►

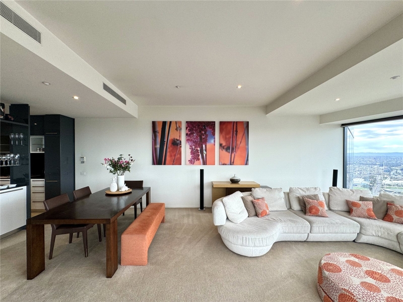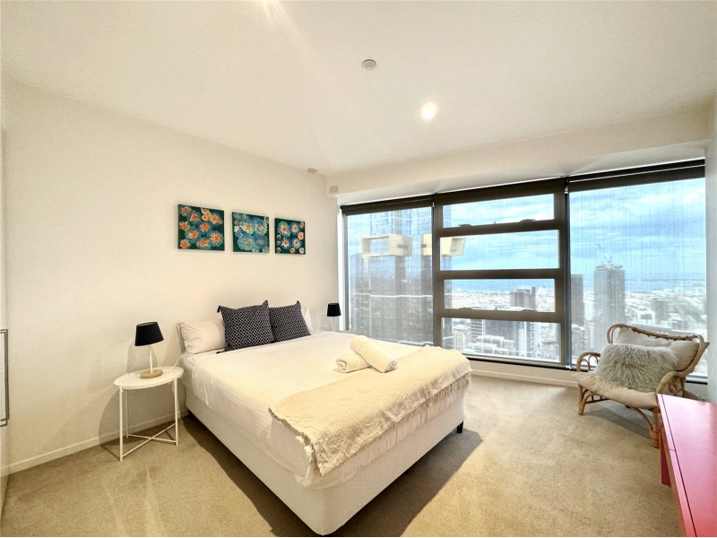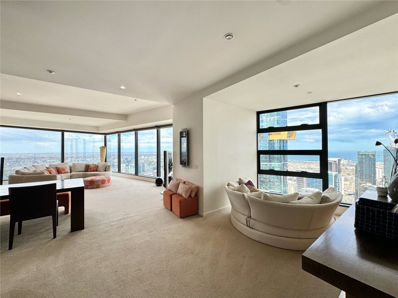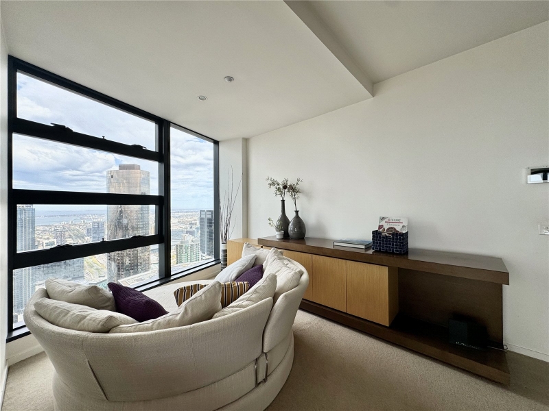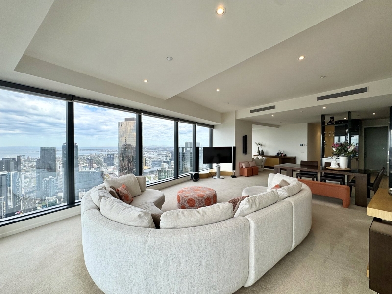 FURNISHED - Discover unparalleled luxury and breathtaking views in this exquisite apartment at the iconic Eureka Tower. With priceless 180-degree vistas, this residence offers an iconic views that transform every day into a work of art. Nestled in the heart of Melbourne, this apartment boasts an amazing central location. Enjoy effortless access to public transport with nearby train stations, trams, and the brand-new Metro Town Hall station, ensuring that the entire city is at your doorstep. Within walking distance, you’ll find Melbourne’s vibrant cultural scene. Immerse yourself in one of the world’s most liveable cities, where you can enjoy fine dining along the iconic Yarra River or unwind in picturesque parks. With Citylink nearby, regional Victorian cities are just a drive away, making this location as convenient as it is desirable. Offering space, style, and quality, the open plan living and dining zone is built for entertainment with floor to ceiling windows that present amazing views from any vantage.. The generously sized master bedroom comes with a built-in-robe, and a stylish ensuite. The second bedroom is also generous in size, as well offering more sensation views, as well as a built-in-robe. Eureka Tower also includes an indoor lap pool, gym, sauna, private cinema room, and majestic entrance foyer with 24-hour concierge and security. *Views shown are indicative only and may be from a higher or lower level. Furniture is for display purposes only and might not be included. Any dimensions shown are approximate. Any areas shown indicate total approximate titled area.*
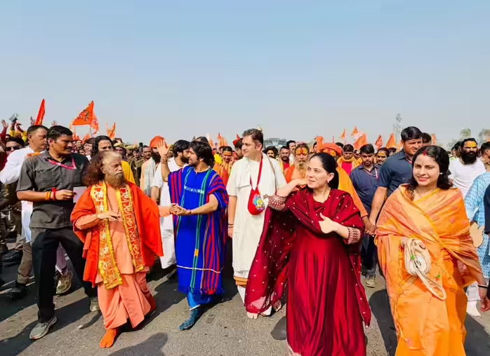 सनातन हिंदू एकता पदयात्रा की फोटो में जया किशोरी सड़क पर आगे चलती नजर आ रही हैं। दुपट्टा संभालते हुए बेहद सुंदर दिख रही हैं। वहीं, बागेश्वेर बाबा पीछे से आते दिख रहे हैं। देसी अंदाज की बात करें तो जया ने हमेशा की तरह सिंपल पहनावा ही दिखाया। लेकिन सूट का लाल रंग उनकी सुंदरता को दोगुना करता नजर आ रहा है।
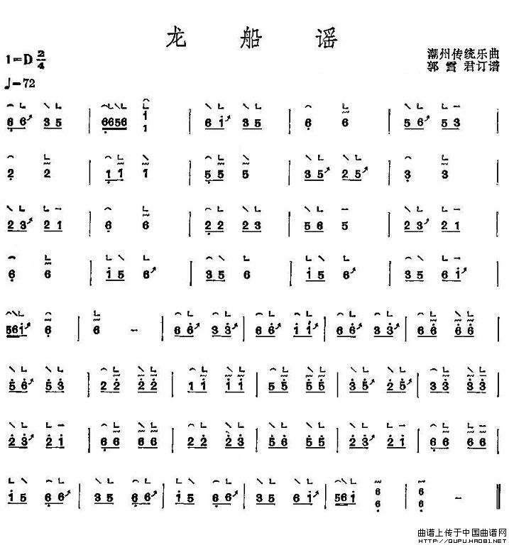 龙船谣古筝谱/古琴谱,龙船谣简谱"
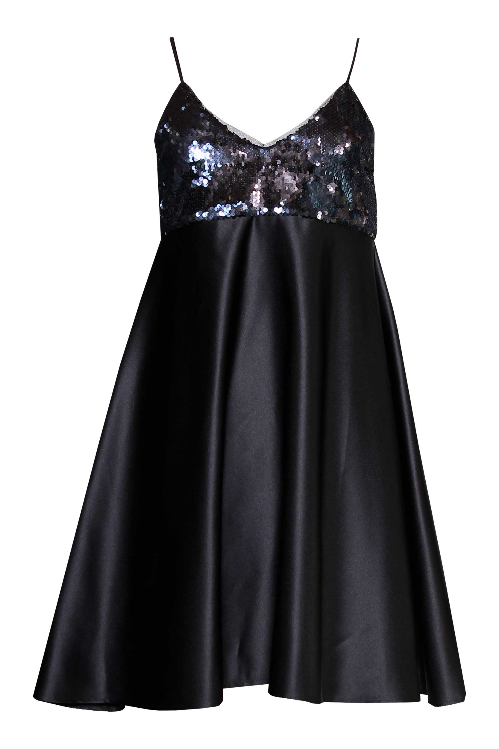 Vestido decote em bico e de alças finas. Tecido com efeito acetinado e com lantejoulas na parte superior.
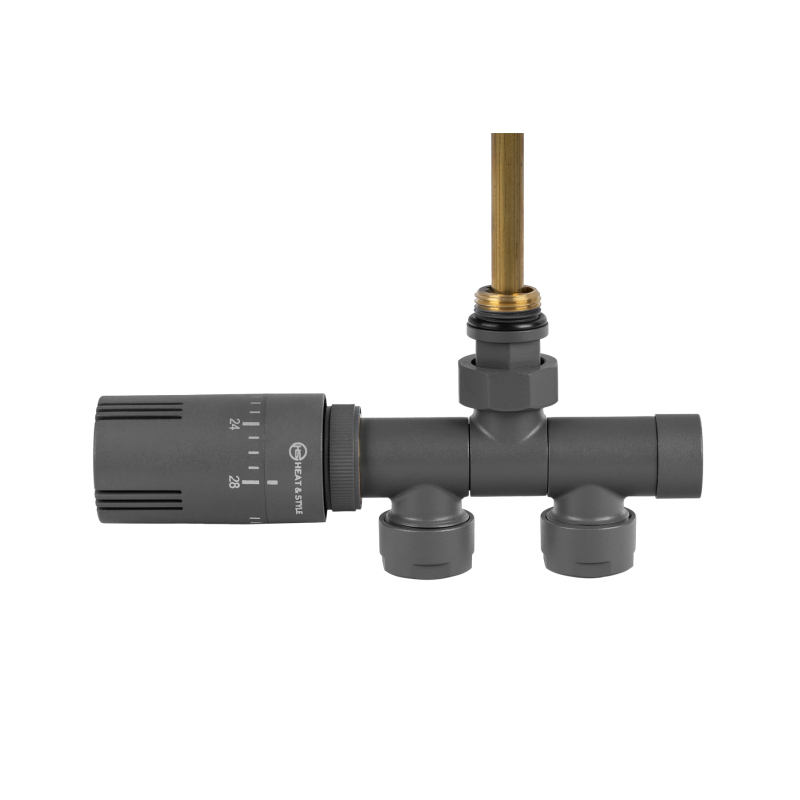 Zawór termostatyczny z przyłączem jednootworowym, uniwersalny (kątowy lewy, prawy, prosty). Posiada głowicę INVEST wskazującą dokładną temperaturę zamiast skali 1-5. Kolor grafit.
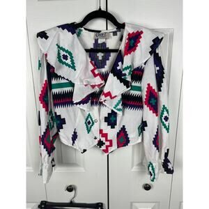 Vintage 80s Western Circle T Marilyn Lenox Boho White Blouse and Skirt Set Med
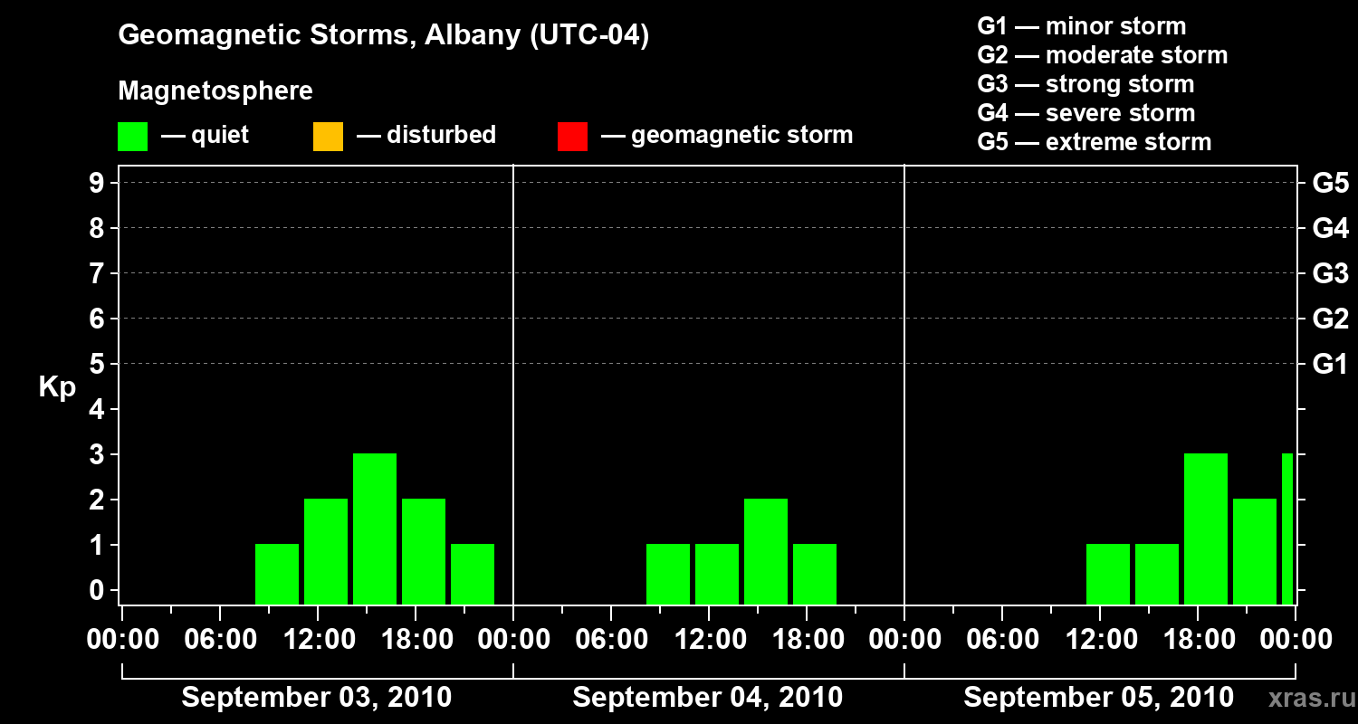 Changes in the geomagnetic index Kp from September 3 to 5, 2010 for mid latitudes

◄

Write out the listing above exactly as it stands, pictures excluded.

- [Solution to this exercise]
 FURNISHED - Discover unparalleled luxury and breathtaking views in this exquisite apartment at the iconic Eureka Tower. With priceless 180-degree vistas, this residence offers an iconic views that transform every day into a work of art. Nestled in the heart of Melbourne, this apartment boasts an amazing central location. Enjoy effortless access to public transport with nearby train stations, trams, and the brand-new Metro Town Hall station, ensuring that the entire city is at your doorstep. Within walking distance, you’ll find Melbourne’s vibrant cultural scene. Immerse yourself in one of the world’s most liveable cities, where you can enjoy fine dining along the iconic Yarra River or unwind in picturesque parks. With Citylink nearby, regional Victorian cities are just a drive away, making this location as convenient as it is desirable. Offering space, style, and quality, the open plan living and dining zone is built for entertainment with floor to ceiling windows that present amazing views from any vantage.. The generously sized master bedroom comes with a built-in-robe, and a stylish ensuite. The second bedroom is also generous in size, as well offering more sensation views, as well as a built-in-robe. Eureka Tower also includes an indoor lap pool, gym, sauna, private cinema room, and majestic entrance foyer with 24-hour concierge and security. *Views shown are indicative only and may be from a higher or lower level. Furniture is for display purposes only and might not be included. Any dimensions shown are approximate. Any areas shown indicate total approximate titled area.*
 सनातन हिंदू एकता पदयात्रा की फोटो में जया किशोरी सड़क पर आगे चलती नजर आ रही हैं। दुपट्टा संभालते हुए बेहद सुंदर दिख रही हैं। वहीं, बागेश्वेर बाबा पीछे से आते दिख रहे हैं। देसी अंदाज की बात करें तो जया ने हमेशा की तरह सिंपल पहनावा ही दिखाया। लेकिन सूट का लाल रंग उनकी सुंदरता को दोगुना करता नजर आ रहा है।
 龙船谣古筝谱/古琴谱,龙船谣简谱"
 Vestido decote em bico e de alças finas. Tecido com efeito acetinado e com lantejoulas na parte superior.
 Zawór termostatyczny z przyłączem jednootworowym, uniwersalny (kątowy lewy, prawy, prosty). Posiada głowicę INVEST wskazującą dokładną temperaturę zamiast skali 1-5. Kolor grafit.
 Vintage 80s Western Circle T Marilyn Lenox Boho White Blouse and Skirt Set Med
 Changes in the geomagnetic index Kp from September 3 to 5, 2010 for mid latitudes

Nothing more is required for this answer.